Projects to establish a single intranet in large, global organisations can be challenging. The logistics of dealing with a large group of distributed employees, the sheer amount of content on the intranet and potentially merging existing local intranets into one global platform is not always straightforward. And while using a product like Wizdom is much quicker than building a custom platform, projects can still take a long time once you factor in planning, research, testing, content migration and more.

At the recent Wizdom Conference in Copenhagen we had some strong case studies of global intranet projects from companies such as Ørsted, Ramboll and GEA. Here are some of our thoughts on the essential elements of a successful global intranet project.

1. Do your research

Global intranet projects will involve a large number of users and stakeholders, not only from different business divisions but also from locations around the world. Those involved must reflect the diversity of a global workforce with different types of employees in various roles, including those working in offices, production plants and frontline roles.

A successful intranet is designed around a thorough understanding of employees and their needs. Because of the diversity of the workforce who will be using your intranet, it is critical to spend time finding out about different working patterns, needs, pain points and perspectives. This can only be achieved through an extensive discovery and user research period that covers all your different groups of users.

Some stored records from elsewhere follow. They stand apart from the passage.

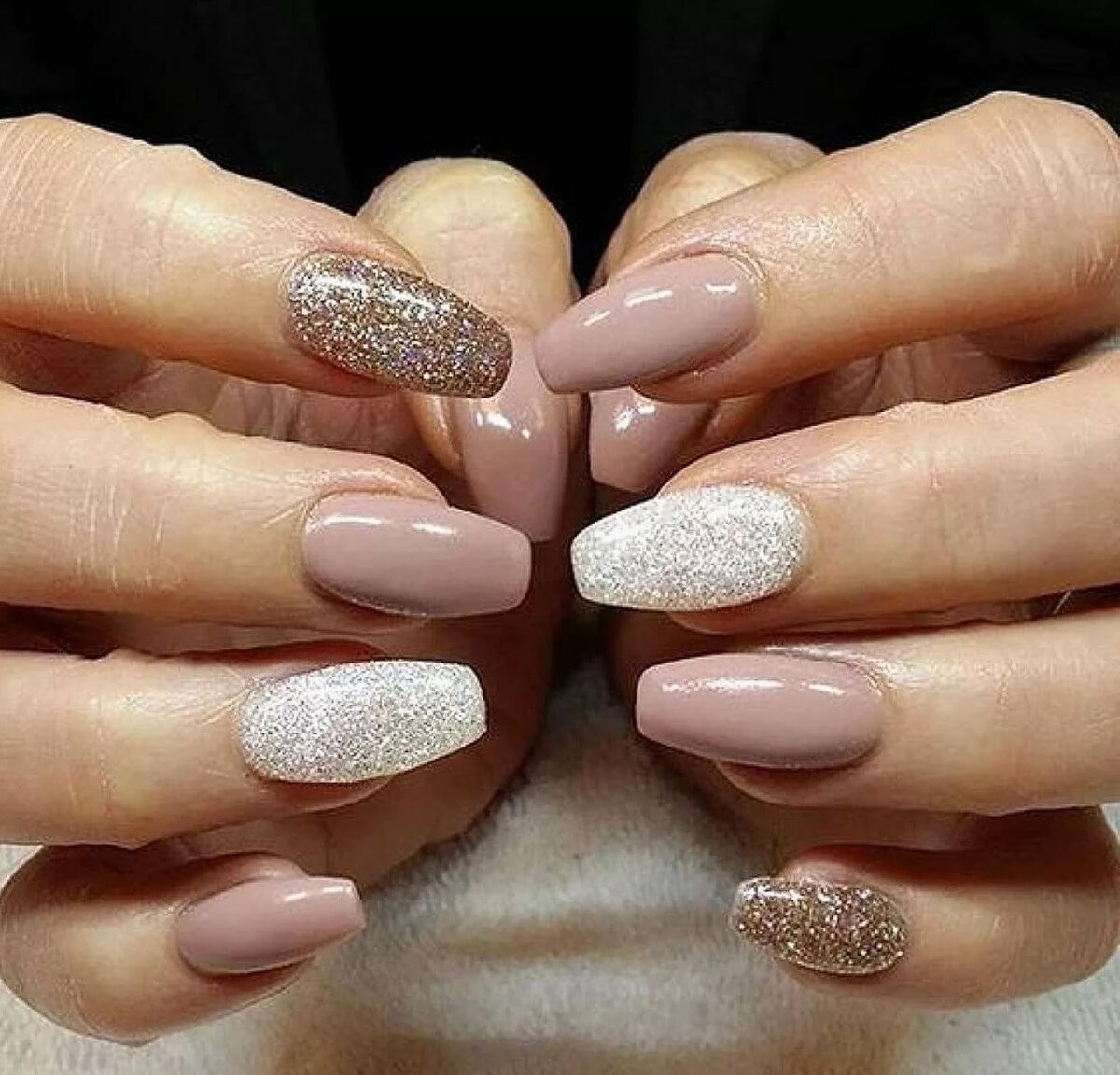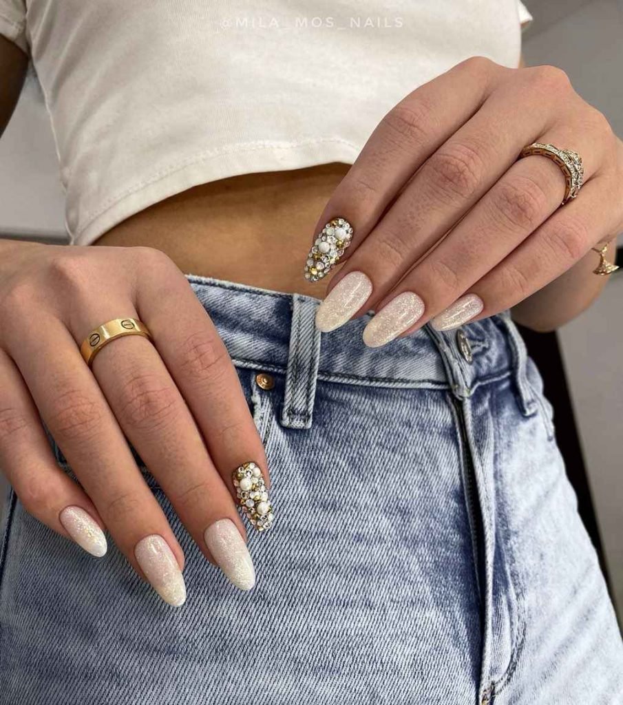 Ногти бежевые с блестками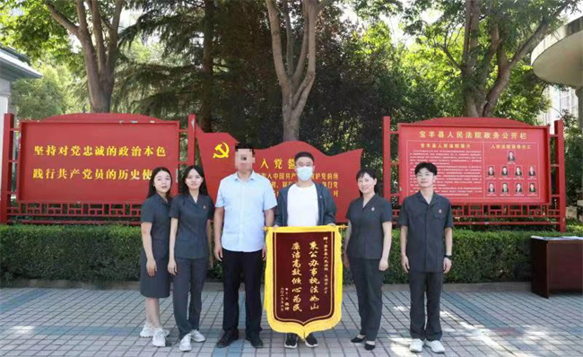 錦旗雖輕,情誼深重,小小一面錦旗承載著人民群眾對(duì)寶豐法院工作的肯定和贊揚(yáng),寶豐法院速裁團(tuán)隊(duì)將一如既往地堅(jiān)持“司法為民、公正司法”的宗旨,抓實(shí)抓好“公正與效率”,化解矛盾糾紛,讓人民群眾切實(shí)體會(huì)到司法的溫度。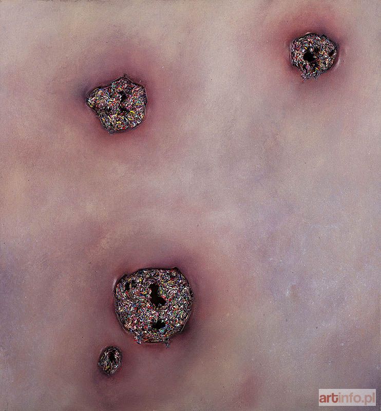 Technika własna, płótno; 54, 5 x 50,5 cm, sygn. na odwrocie: PAWEŁ MATYSZEWSKI/ KOMPLIKACJE 5/ 2010

There are multiple techniques to carry out effective research including interviews, workshops, surveys, observation, usability testing, developing personas and more, but it is always worth spending the time and effort. User research also creates buy-in from employees who feel they are being listened to and see that their needs are being considered for the new intranet.

2. Create a vision that everyone can buy into

With so many different stakeholders, inevitably there will be many differing ideas and opinions on what the new intranet should do and deliver. Having a strong vision for the new intranet that everybody can buy into allows all involved to work towards the same end goal. It also helps gets users and stakeholders excited about the project.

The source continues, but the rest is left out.